Scientists reveal novel mechanism of plant immunity against viruses

Arginine methylation is an important post-translational modification involved in transcriptional regulation, RNA processing, DNA damage repair, and immune response. Protein arginine methyltransferases (PRMTs) are the evolutionarily conserved protein family responsible for catalyzing protein arginine methylation.

Plant PRMTs affect plant development and stress response through transcriptional and post-transcriptional regulation. However, it remains largely unknown whether PRMTs are involved in plant disease resistance.

Chinese scientists established PRMT6-mediated arginine methylation of viral suppressor RNA silencing (VSR) as a novel mechanism of plant immunity against viruses. Their work, titled "Protein targeting methyltransferase 6 media antiviral immunity in plants," was published in Cell Host & Microbe on Aug. 5.

The siRNA-mediated antiviral gene silencing plays a key role in plant defense against viruses. VSRs encoded by viruses inhibit antiviral RNA silencing.

During plant-virus co-evolution, plants have evolved additional countering strategies to target VSR, such as autophagy and nucleotide-binding-leucine-rich repeat (NLR) containing immune receptor-mediated immunity.

Tomato bush stunt virus (TBSV)-encoded P19 is a well-studied VSR that promotes viral systemic movement by binding to the siRNA duplex.

A previous study by Professor Cao Xiaofeng's team found that PRMT6 overexpression could restore the phenotype of overexpressing P19 in Arabidopsis, while PRMT6 knockout exacerbates the phenotype of P19 overexpression. This suggests that PRMT6 in plants may play a role in antiviral responses.

Given that tomatoes are the natural host of TBSV, Cao's team collaborated with Professor Li Feng's team from Huazhong Agricultural University to further investigate the role of PRMT6 in tomato antiviral responses.

Through bioinformatics analysis, the scientists identified a tomato protein, SlyPRMT6, which is homologous to PRMT6 in humans and Arabidopsis. SlyPRMT6 knockout mutants displayed reduced tomato resistance to TBSV infection while SlyPRMT6 overexpression increased the TBSV resistance. This indicated that SlyPRMT6 plays a role in tomato antiviral responses.

Two PRMT6 alleles were then identified in the natural tomato population, showing a significant correlation with PRMT6 expression levels and TBSV resistance. This finding suggested that the allele associated with high expression could be valuable for resistance breeding.

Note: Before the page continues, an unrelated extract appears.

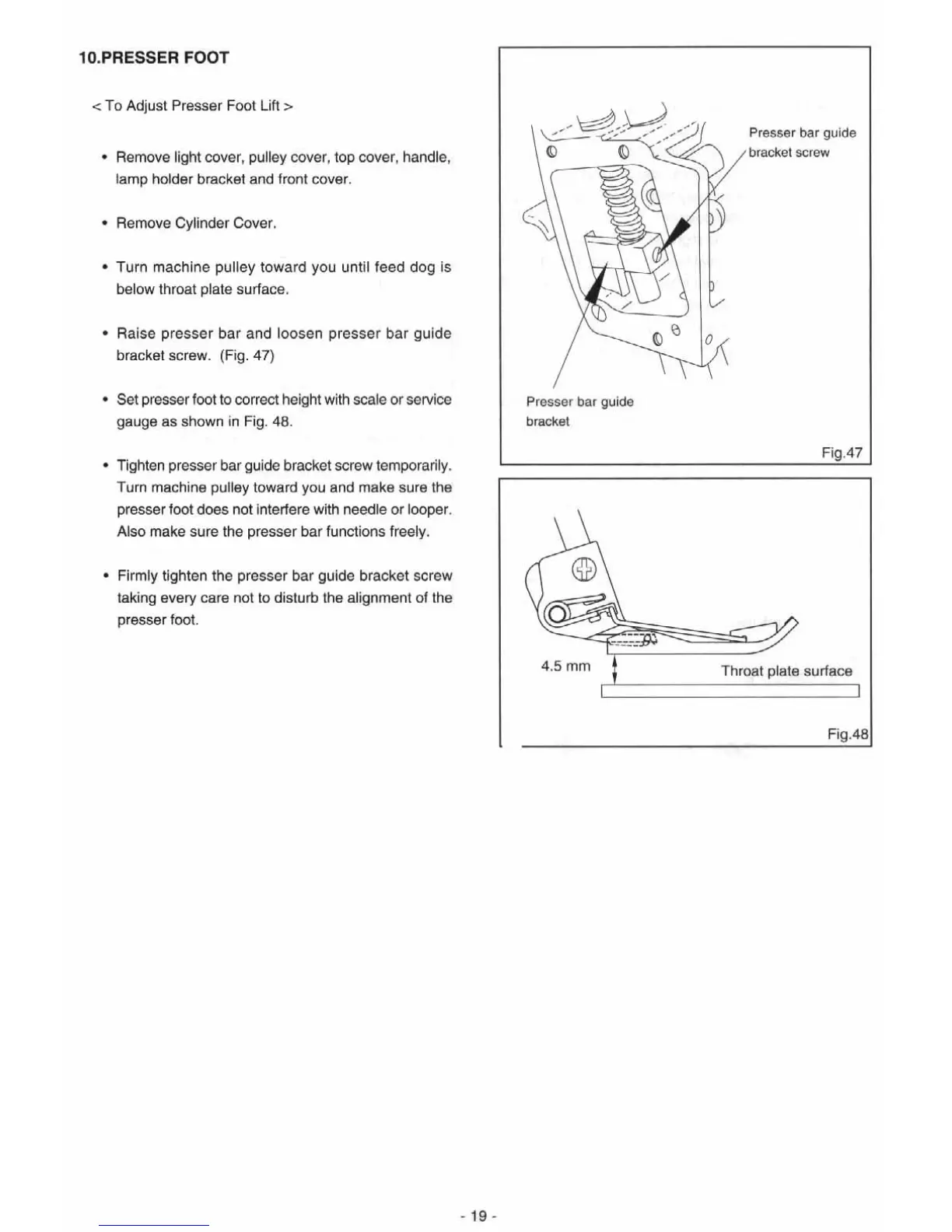 Singer 14SH 644 - Presser Foot Lift Adjustment; Presser Foot Lift Setting Procedure

Further analysis demonstrated that PRMT6 interacts with P19, inhibiting its VSR activity by reducing its capacity to bind siRNA. Mechanistic studies revealed that PRMT6 diminishes P19's affinity for siRNA by methylating residues R43 and R115, which is crucial for dimerization and siRNA duplex interaction.

Point mutations and transient expression experiments in Nicotiana benthamiana showed that mutations of R43 and R115 weaken P19's silencing suppressor function.

Subsequent yeast two-hybrid and co-immunoprecipitation experiments, along with previous structural analysis of the P19-siRNA complex, revealed that SlyPRMT6 disrupts P19 homodimer formation by methylating arginine 43.

Moreover, methylation of arginine 115 impaired the binding of P19 dimers to siRNA, thereby compromising the silencing suppressor function of P19.

This study unveils a novel mechanism of PRMT6-mediated antiviral immunity, complementing the unknown NLR-mediated immunity and autophagy pathways.